▶ **DATA UNDER STUDY**
= = = =

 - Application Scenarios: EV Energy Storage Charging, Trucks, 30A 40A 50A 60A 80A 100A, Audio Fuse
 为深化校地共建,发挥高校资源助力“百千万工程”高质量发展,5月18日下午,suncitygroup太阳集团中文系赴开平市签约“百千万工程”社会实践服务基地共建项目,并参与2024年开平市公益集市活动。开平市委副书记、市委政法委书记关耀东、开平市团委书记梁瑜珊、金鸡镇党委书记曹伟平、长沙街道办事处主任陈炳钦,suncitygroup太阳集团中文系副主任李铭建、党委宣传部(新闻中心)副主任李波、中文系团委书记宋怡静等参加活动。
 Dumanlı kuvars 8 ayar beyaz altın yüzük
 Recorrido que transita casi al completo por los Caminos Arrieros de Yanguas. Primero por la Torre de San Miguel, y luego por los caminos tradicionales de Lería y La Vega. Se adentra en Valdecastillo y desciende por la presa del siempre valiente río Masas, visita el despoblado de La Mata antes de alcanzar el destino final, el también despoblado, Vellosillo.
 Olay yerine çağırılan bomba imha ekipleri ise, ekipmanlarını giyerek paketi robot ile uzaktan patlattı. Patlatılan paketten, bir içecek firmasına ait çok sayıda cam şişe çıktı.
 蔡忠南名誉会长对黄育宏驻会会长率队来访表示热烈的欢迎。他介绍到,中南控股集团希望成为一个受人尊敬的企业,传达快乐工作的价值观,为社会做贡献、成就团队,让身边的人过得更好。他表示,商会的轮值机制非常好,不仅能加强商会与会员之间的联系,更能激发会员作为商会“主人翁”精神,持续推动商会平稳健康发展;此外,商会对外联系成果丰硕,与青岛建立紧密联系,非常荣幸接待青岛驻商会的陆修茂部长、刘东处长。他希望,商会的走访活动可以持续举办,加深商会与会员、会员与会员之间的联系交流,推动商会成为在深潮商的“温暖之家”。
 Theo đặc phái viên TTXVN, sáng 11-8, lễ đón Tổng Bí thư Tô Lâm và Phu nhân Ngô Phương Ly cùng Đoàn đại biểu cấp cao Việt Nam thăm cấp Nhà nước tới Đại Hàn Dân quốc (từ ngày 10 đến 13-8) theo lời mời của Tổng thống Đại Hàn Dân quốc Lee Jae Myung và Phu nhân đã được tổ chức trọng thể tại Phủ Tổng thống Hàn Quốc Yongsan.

= = = =

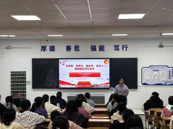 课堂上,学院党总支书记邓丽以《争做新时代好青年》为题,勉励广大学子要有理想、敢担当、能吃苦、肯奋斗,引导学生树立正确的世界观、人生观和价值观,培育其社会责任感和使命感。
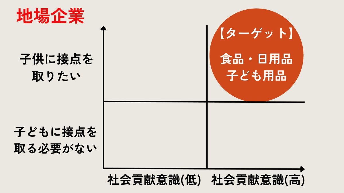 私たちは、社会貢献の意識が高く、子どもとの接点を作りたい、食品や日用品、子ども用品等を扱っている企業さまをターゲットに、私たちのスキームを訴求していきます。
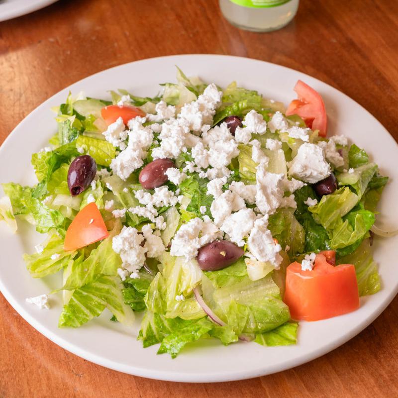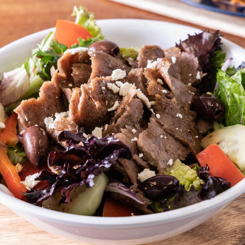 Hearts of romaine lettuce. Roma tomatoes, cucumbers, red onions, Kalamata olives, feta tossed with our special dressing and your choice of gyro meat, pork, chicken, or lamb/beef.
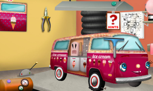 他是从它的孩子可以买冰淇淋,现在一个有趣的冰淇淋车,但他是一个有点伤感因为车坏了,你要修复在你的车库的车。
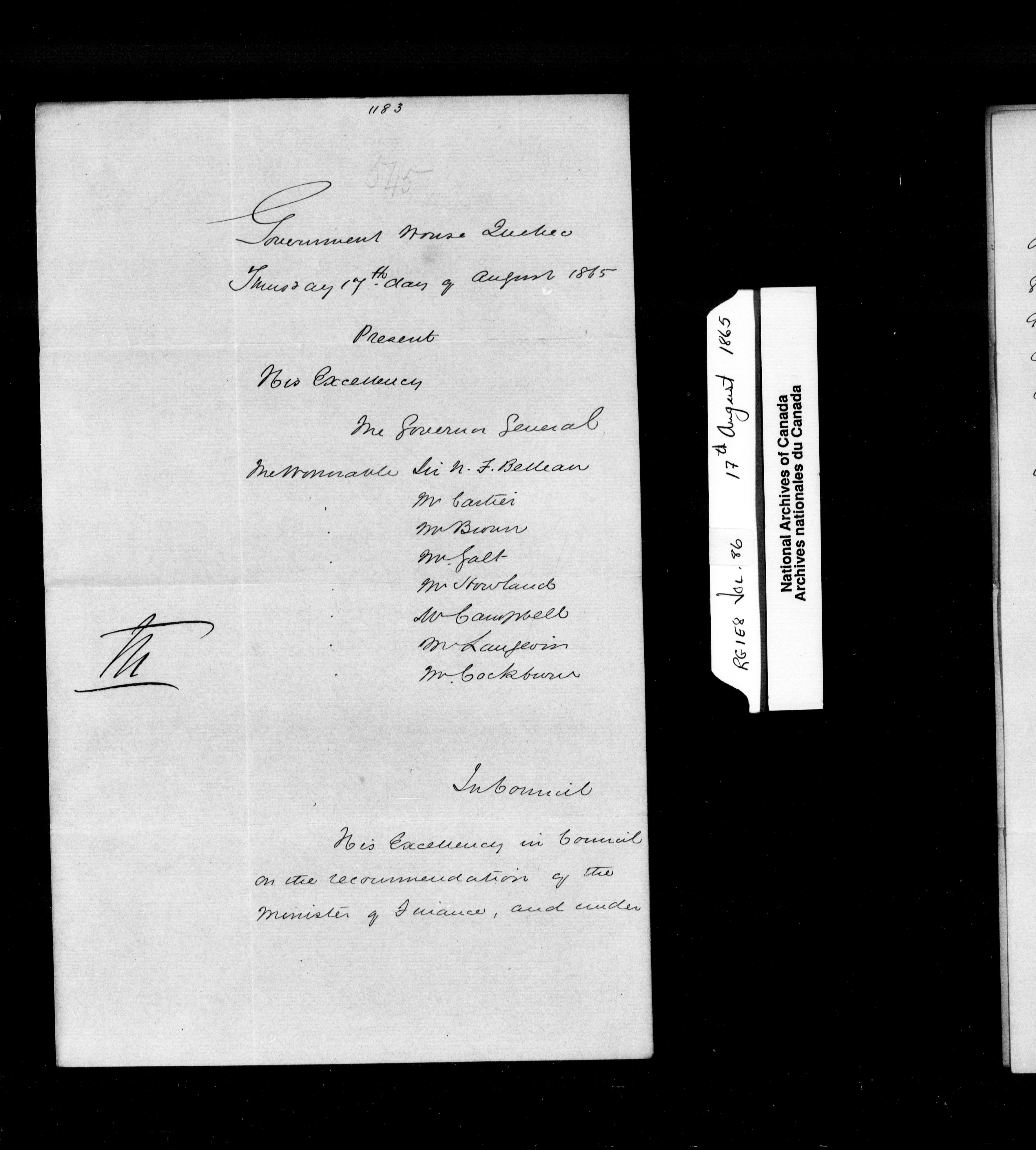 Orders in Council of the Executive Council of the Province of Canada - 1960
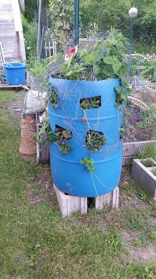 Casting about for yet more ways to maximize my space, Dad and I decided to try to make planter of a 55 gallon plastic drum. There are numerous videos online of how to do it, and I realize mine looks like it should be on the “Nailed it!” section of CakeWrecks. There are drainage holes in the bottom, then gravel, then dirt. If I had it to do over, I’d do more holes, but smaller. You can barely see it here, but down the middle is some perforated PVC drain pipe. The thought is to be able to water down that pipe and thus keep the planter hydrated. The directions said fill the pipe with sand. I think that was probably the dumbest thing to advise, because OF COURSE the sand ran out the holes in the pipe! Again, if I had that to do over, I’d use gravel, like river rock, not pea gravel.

= = = =

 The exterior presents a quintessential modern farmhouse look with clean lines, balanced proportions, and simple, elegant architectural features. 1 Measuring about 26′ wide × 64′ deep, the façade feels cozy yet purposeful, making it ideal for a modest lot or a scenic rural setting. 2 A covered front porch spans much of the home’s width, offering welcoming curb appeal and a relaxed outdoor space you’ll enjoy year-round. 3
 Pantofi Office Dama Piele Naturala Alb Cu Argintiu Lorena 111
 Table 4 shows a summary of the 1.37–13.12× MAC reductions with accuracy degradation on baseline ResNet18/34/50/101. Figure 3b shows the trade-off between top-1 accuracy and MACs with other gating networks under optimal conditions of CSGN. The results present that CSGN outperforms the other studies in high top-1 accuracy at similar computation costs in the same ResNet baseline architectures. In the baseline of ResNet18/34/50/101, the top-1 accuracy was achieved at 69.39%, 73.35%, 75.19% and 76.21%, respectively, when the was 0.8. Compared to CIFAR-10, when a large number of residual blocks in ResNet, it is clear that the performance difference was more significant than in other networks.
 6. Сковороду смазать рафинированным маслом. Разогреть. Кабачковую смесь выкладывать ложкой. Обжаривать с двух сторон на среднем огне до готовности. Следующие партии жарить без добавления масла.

= = = =

▶ **ABOUT THIS TASK**
Beginning with the line holding "他是从它的孩子可以买冰淇淋,现在一个有趣" in the material above, restate word for word each line through the line holding "Casting about for", and exclude pictures.

▶ **EXERCISE SOLUTION**
 他是从它的孩子可以买冰淇淋,现在一个有趣的冰淇淋车,但他是一个有点伤感因为车坏了,你要修复在你的车库的车。
 Orders in Council of the Executive Council of the Province of Canada - 1960
 Casting about for yet more ways to maximize my space, Dad and I decided to try to make planter of a 55 gallon plastic drum. There are numerous videos online of how to do it, and I realize mine looks like it should be on the “Nailed it!” section of CakeWrecks. There are drainage holes in the bottom, then gravel, then dirt. If I had it to do over, I’d do more holes, but smaller. You can barely see it here, but down the middle is some perforated PVC drain pipe. The thought is to be able to water down that pipe and thus keep the planter hydrated. The directions said fill the pipe with sand. I think that was probably the dumbest thing to advise, because OF COURSE the sand ran out the holes in the pipe! Again, if I had that to do over, I’d use gravel, like river rock, not pea gravel.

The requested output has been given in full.